= Rastra =

Rastra is a registered tradename for a particular insulating concrete form (ICF) construction system, Rastra created the name Insulating COMPOUND Concrete Form (ICCF), used to make walls for buildings. It is one of the earliest such products, first patented in 1965 in Austria. Rastra is in production since 1972, and is composed of concrete and Thastyron. Thastyron is a mixture of plastic foam and cementitious binder that is composed of eighty-five percent recycled post consumer polystyrene waste that is molded into blocks and panels.

==Production==
Rastra is sustainable in its production because no energy is used in the curing process, and only one to three kilowatt hour (kWh) are required to make each >10sqft block. After the blocks are trimmed to exact size, the remaining debris is recycled to create new blocks.
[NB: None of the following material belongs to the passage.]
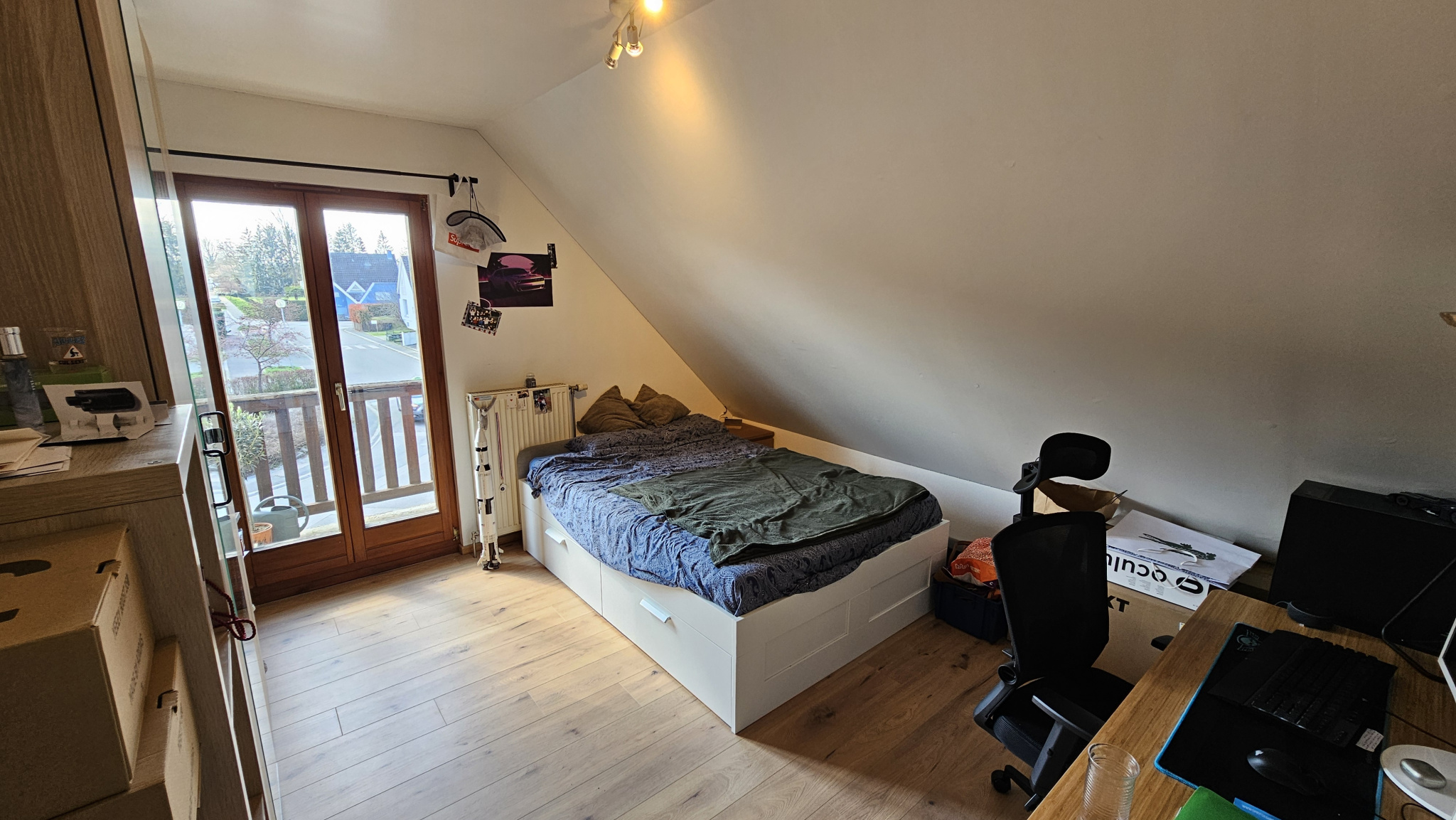 A l'étage, trois chambres (14.7m2 - 12.4m2 - 14.5m2), une salle d'eau avec WC.

No byproducts are released in the production process that are considered a burden to the environment.

==Building==
Rastra blocks come in different sizes, and can be easily cut with woodworking tools to form the desired shape. These blocks are commonly attached together with clamps or glue to form a grid-like system inside. Rebar is then run through the grid, which is then filled with concrete.

==History==
Polystyrene concrete was invented in 1960. BASF, a German chemical conglomerate, originally created this product, but found no successful applications. An Austrian-Swiss-based company modified the product and created what is known as Rastra.

==Fire rating==
As a thermal barrier, Rastra has a four-hour fire rating with no flame spread and no smoke development. A five-hour fire endurance test of a ten-inch-thick wall with temperatures exceeding two thousand degrees Fahrenheit on the face of the wall showed that the wall did not conduct heat. This lowers the risk of health hazards during a fire and also makes building repairs easier afterwards.

==Physical properties==
Thastyron has a compressive strength of 56 pound-force per square inch (psi) and a tensile strength of 43 psi. Rastra has a low toxicity level. Rastra is highly frost, fungus, and mildew-resistant. The sound insulation is greater than 50 decibel(dB).

==Insulation==
As a heat insulation, Rastra keeps a room at a constant temperature and evens out temperature changes, both of which can lower energy use. It also has a low heat penetration depth, meaning the wall surface keeps a constant temperature.